In the 1960s the bust and its plaza was given a face-lift. This was concurrent with the renovation of Rizal Park. The restaurants and nightclubs of Roxas Boulevard were still frequented until the 1970s. From the late ’70s onwards the district deteriorated because city life transferred to the suburban centers of Makati and Ortigas.

The plaza still kept evolving. A Marian statue sculpted by Ed Castrillo replaced Fergusson, which was transferred to the U.S. Embassy garden. Jaime Laya reports that it stands there with another landmark that stood on Plaza Cervantes (Binondo).

Today the plaza is a dark stretch of space, obscured by un-kempt trees and a landscape that has been allowed to deteriorate. Few notice the plaza, which has also hosted a playground for a spell (now removed).

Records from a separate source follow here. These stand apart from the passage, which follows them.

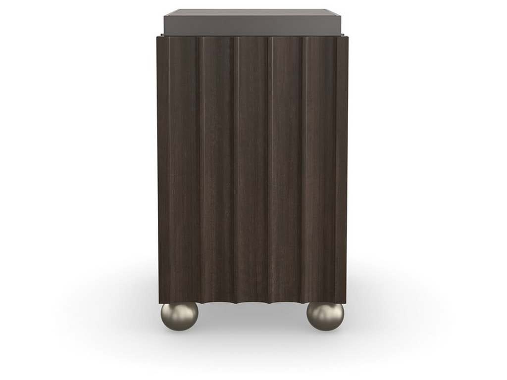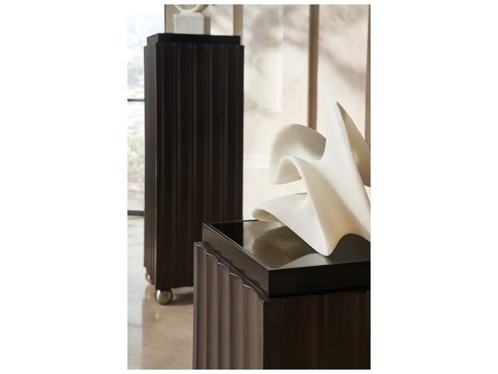 Product Description: Caracole CLA-423-812 Next To You Small Spot Table - Small spot table or decorative pedestal, this simple yet sculptural form takes inspiration from Greco-Roman architecture. Defined by a fluted column, it features an inset Bronze Glass top framed in Dark Chocolate, and metallic ball feet in a Brushed Whisper of Gold for a hint of shimmer and ease of mobility. Style alongside a sofa or chair, or pair with Up To You to create a multi-dimensional, gallery-like display.
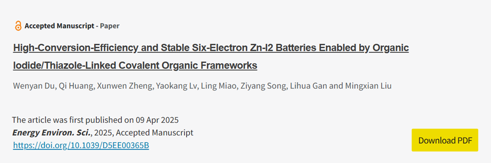 刘明贤教授团队设计高转化效率和稳定六电子碘转化的锌碘电池,研究成果发表于《能源与环境科学》
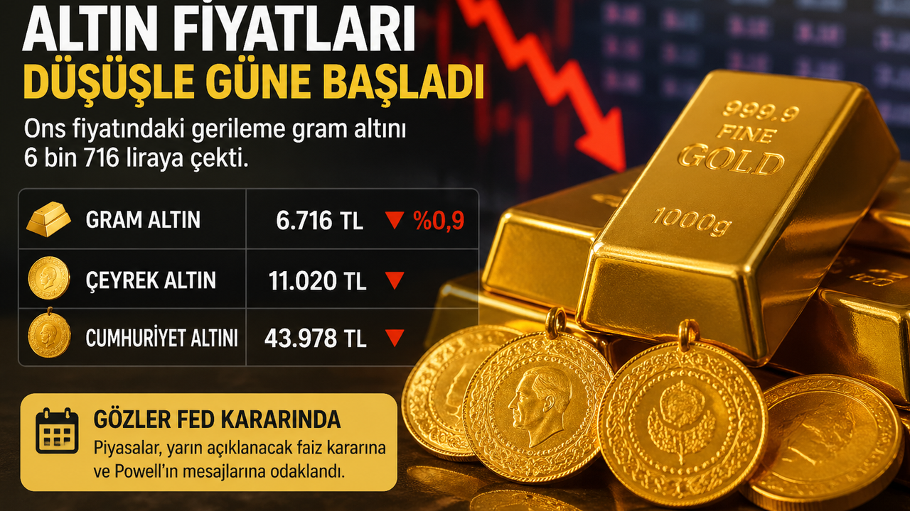 Önceki günü yüzde 0,5 düşüşle 6 bin 778 liradan tamamlayan gram altın, yeni güne de negatif başladı. Saat 09.30 itibarıyla yüzde 0,9 oranında gerileyen gram altın 6 bin 716 lira seviyesine indi. Aynı dakikalarda çeyrek altın 11 bin 20 liradan, cumhuriyet altını ise 43 bin 978 liradan işlem gördü.

Renovations have not helped the space improve. The city of Manila’s designers have paved most of the plaza with slippery tiles that are really meant for indoor salas and not outdoor plazas. The plaza is also filled with ornamentation that does not help its deficit of aesthetics. A new guardhouse or tanod shelter was recently erected exactly on one corner of the plaza blocking pedestrian paths. In fact, most of the sidewalks around the plaza, as well as the plaza itself is full of vendors. Their numbers increase every Sunday because of the masses at the church.

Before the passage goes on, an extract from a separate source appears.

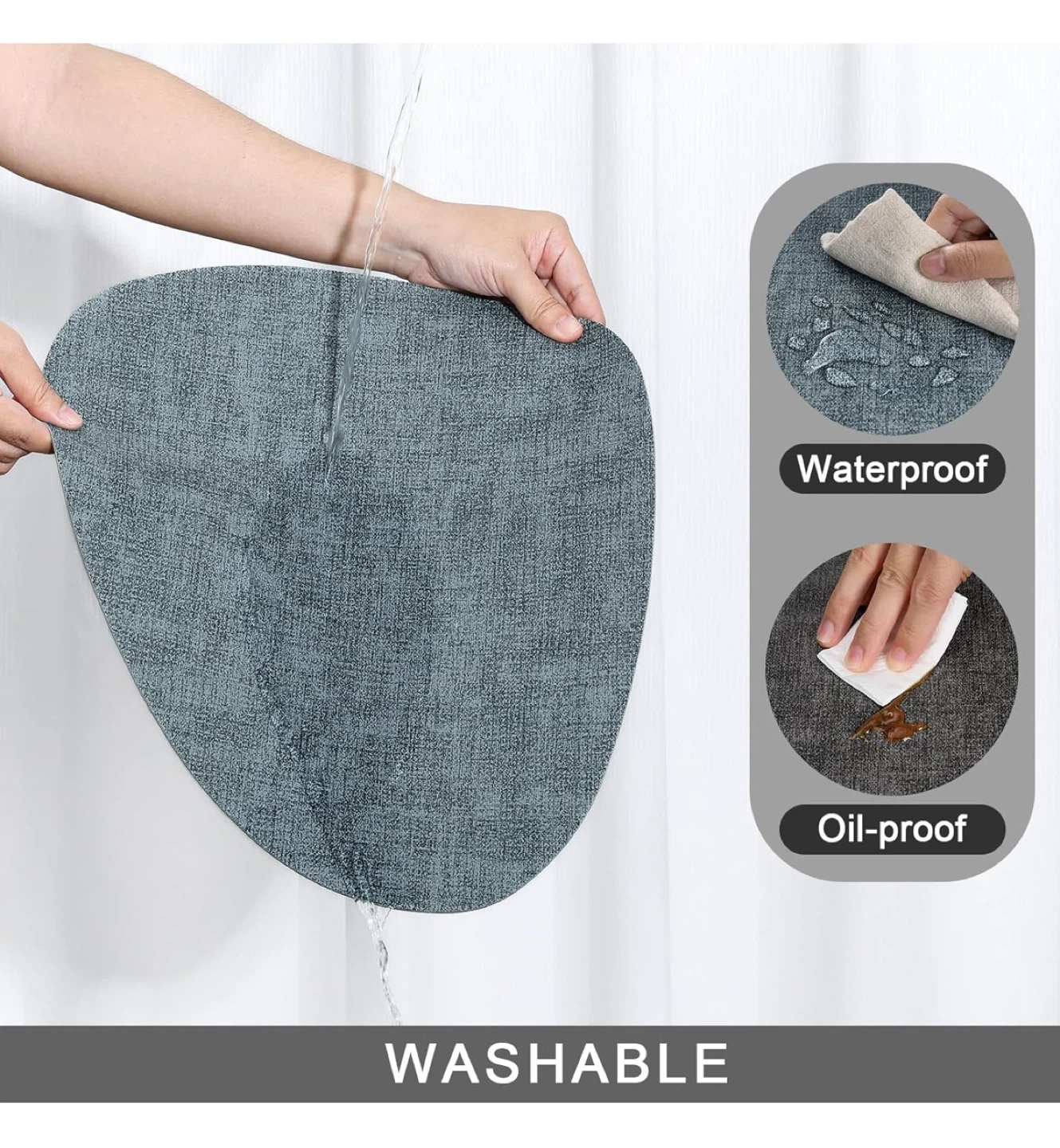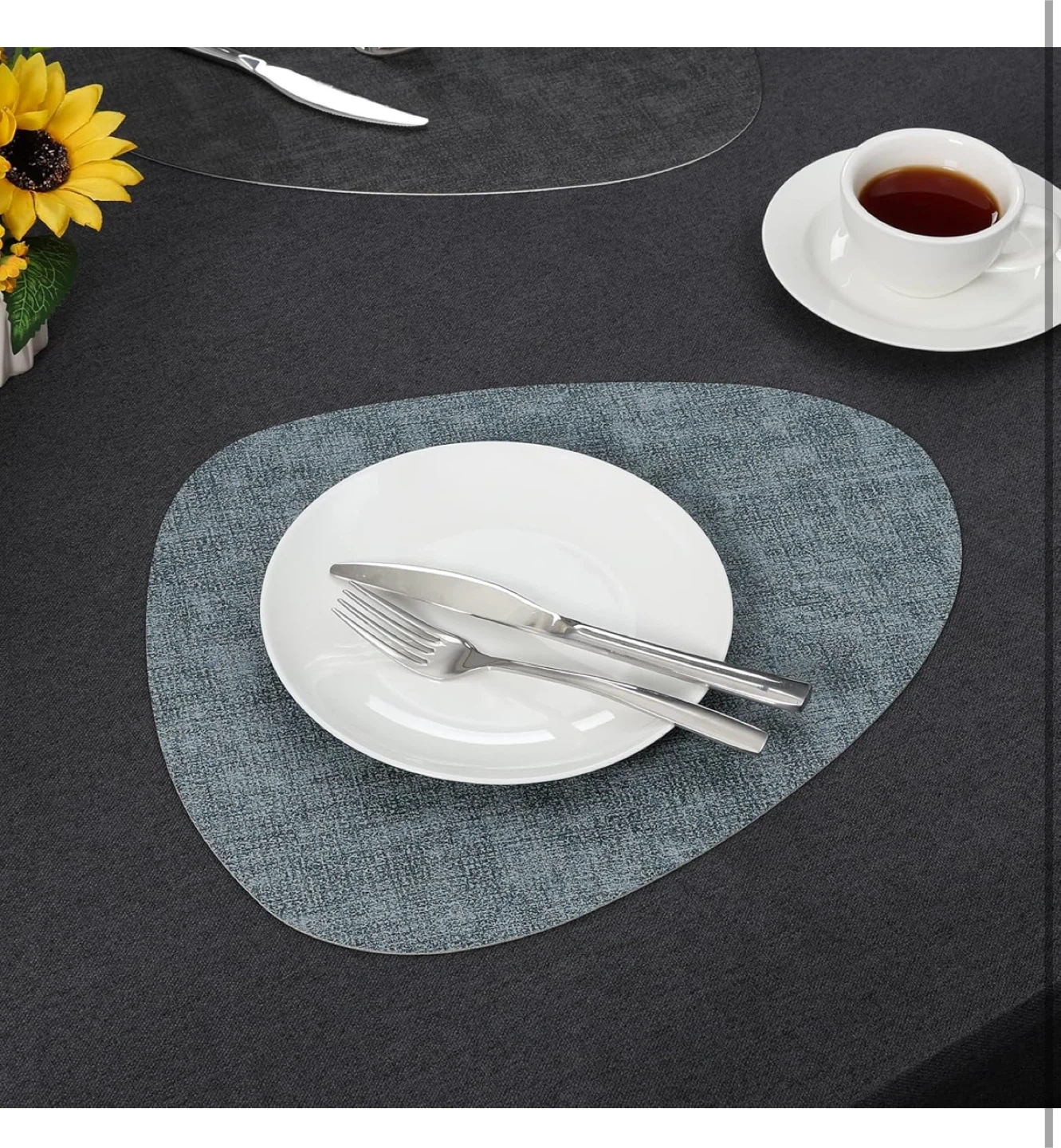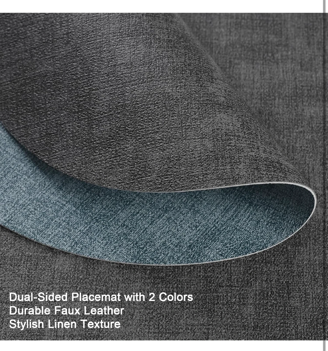 I'm offering a set of six brand new placemats, perfect for adding a touch of elegance to your dining experience while protecting your table. These placemats are washable and reversible, offering both style and practicality. The dual-sided design features a durable faux leather with a stylish linen texture in two different colours, allowing you to switch up your table setting effortlessly. Each placemat measures approximately 33 cm x 40 cm (13 inches x 15.8 inches). If you're seeing this ad, the placemats are still available. Get them before they're gone!

The plaza is a wasted opportunity to imbue the district with quality public space. Cleaning and clearing the plaza to create better views and more functional settings with more suitable paving and seating would be a step in the right direction. The small tourist hotels in the district would benefit if the plaza, as well as the streets in the Ermita district, were better maintained, cleared of ambulant vendors who block circulation, and provided with a police presence.

This plaza, like Mr. Fergusson, has been largely forgotten. Few people go out of their way to visit the plaza, which could actually be a pleasant spot for locals and tourists alike. As it is now, I would rate this plaza a 4 out of 10, the lowest rating since this series started.

Hopefully this hidden gem will shine again one day.